Aunque la automatización seguramente tiene los mismos efectos generales en todo el mundo, las consecuencias concretas para los trabajadores variarán en función de las enormes diferencias entre los mercados laborales, los sistemas educativos y los sistemas fiscales. El autor no fija su atención en Estados Unidos de forma tan exclusiva como algunos colegas suyos, pero sí lo utiliza como base para su argumentación.

Frey se dio a conocer hace seis años, cuando él y su colega Michael Osborne publicaron un estudio en el que predecían que el 47% de los puestos de trabajo podrían ser automáticos aproximadamente en el plazo de un decenio. Casi la mitad del empleo en Estados Unidos corría peligro de estar informatizado “en una o dos décadas”. El libro no incluye ninguna nueva predicción sobre el alcance de la pérdida de empleo, sino que es una recopilación, quizá un resumen magistral de las últimas investigaciones sobre la automatización y sus consecuencias.
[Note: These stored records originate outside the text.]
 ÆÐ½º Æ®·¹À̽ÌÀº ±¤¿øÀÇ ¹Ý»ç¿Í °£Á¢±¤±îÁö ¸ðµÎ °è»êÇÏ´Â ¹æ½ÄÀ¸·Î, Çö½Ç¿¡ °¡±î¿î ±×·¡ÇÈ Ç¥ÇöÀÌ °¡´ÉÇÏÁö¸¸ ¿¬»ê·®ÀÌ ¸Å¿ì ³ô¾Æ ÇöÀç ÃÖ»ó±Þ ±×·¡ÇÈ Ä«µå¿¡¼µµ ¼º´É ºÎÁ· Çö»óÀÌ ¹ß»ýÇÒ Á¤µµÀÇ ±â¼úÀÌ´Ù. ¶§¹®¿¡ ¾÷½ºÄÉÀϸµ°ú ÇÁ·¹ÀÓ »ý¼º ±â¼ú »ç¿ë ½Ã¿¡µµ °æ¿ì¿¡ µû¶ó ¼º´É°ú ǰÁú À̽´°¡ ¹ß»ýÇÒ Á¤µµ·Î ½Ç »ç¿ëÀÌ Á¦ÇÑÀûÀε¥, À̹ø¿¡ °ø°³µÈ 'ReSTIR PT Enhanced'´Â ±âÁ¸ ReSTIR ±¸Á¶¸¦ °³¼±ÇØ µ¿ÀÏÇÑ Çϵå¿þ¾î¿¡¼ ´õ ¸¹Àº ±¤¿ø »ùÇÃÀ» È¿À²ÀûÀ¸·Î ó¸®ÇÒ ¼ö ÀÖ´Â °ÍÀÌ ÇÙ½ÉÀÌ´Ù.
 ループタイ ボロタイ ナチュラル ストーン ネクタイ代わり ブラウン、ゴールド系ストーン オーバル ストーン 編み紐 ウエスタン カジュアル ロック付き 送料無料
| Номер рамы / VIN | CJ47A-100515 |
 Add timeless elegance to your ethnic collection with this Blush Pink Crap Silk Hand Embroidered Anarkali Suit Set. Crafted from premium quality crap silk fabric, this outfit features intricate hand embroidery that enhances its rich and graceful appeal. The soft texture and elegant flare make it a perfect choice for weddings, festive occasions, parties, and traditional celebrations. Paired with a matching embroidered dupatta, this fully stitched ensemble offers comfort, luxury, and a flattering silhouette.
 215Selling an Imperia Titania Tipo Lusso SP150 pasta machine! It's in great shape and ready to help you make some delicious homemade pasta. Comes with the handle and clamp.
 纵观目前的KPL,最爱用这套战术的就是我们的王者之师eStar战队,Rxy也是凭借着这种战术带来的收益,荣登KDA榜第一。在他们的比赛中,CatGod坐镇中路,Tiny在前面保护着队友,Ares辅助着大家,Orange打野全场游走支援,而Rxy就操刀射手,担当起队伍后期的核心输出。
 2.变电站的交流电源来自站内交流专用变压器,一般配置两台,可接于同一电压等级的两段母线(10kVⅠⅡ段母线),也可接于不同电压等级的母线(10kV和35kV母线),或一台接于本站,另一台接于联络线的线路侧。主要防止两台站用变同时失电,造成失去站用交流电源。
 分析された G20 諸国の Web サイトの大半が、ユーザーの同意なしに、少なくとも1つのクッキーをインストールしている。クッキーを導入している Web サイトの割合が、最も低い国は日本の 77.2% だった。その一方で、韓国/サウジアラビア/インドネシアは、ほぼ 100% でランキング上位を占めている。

La premisa es sencilla: que los trabajadores pierdan sus puestos porque empiecen a ocuparlos robots dependerá, a la hora de la verdad, de la “distribución social del poder”. Este libro no es tan pesimista como otros estudios anteriores de los autores, pero tampoco es precisamente optimista. Las conclusiones pesimistas —por no decir alarmantes— han dado pie a otros estudios de la OCDE y de McKinsey, en particular.

El autor nos guía por la historia de la industrialización en Reino Unido y Estados Unidos desde el principio de la Revolución Industrial. Distingue entre las tecnologías que facilitan el trabajo humano y las tecnologías que lo sustituyen. Las primeras son complementarias de los trabajadores, impulsan la productividad y abre nuevas vías de empleo, mientras que las segundas expulsan a los trabajadores del mercado y los obliga a adquirir nuevas aptitudes o buscar otras oportunidades.

A largo plazo, el cambio tecnológico beneficia a todo el mundo, pero los ajustes “a corto plazo” pueden durar incluso la vida entera de algunos trabajadores. Entre 1780 y 1840, la producción por trabajador aumentó casi en la mitad, pero los salarios semanales reales solo crecieron un 12%. Durante décadas, los trabajadores no experimentaron ninguna mejora de su nivel de vida. Friedrich Engels advirtió este fenómeno, que resultó en las revueltas de los luditas de principios del XIX, especialmente en Gran Bretaña y Francia. Engels escribió que los empresarios propietarios de máquinas estaban “enriqueciéndose con la miseria de la masa de asalariados”.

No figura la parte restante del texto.